Control Hazards and Exceptions

Tom Kelliher, CS 240

Feb. 9, 2000

Administrivia

Announcements

Written assignment Monday.

Assignment

Read 6.8--6.12.

From Last Time

Handling control hazards.

Outline

  1. Control hazards, optimizations.

  2. Exceptions, interrupt types, imprecise interrupts.

  3. Introduction to superscalar execution.

Coming Up

Superscalar execution and other advanced pipelining techniques.

Control Hazards

Picking up where we left off...

Delayed Branch

Use of this technique is waning due to:

  1. Deeper pipelines.

  2. Superscalar execution.

The compiler can't cope.

Exception Handling

Exception types:

  1. Arithmetic exceptions: overflow, divide by zero, etc.
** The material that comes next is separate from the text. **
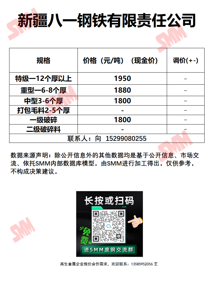 今日新疆八一钢铁 废钢收购报价已更新,有货的朋友欢迎联系我们!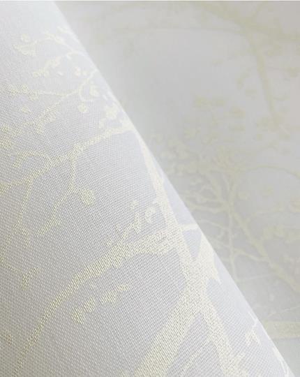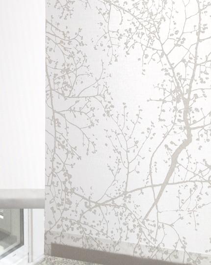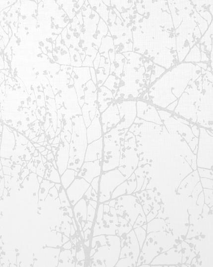 Hvidt rullegardin i polyester med påtrykt hvidt mønster af grene. Mønsteret fremstår forskelligt afhængigt af lysets indfald og styrke. Slipper et behageligt lys ind, men skærmer for indkig og direkte sollys.

  2. Hardware exception: parity error.

  3. System call.

  4. Page fault, access to non-existent memory.

Responsibilities:

  1. Hardware: record the PC (actually +4), and the cause.

  2. Operating system: recover. Terminate, kernel mode, bring the page in, etc., as required.

Points:

  1. An interrupt is like a conditional branch.

  2. Branches to a fixed location: 0x40000040.

  3. Can occur anywhere in the pipeline.

  4. Subsequent instructions must be flushed.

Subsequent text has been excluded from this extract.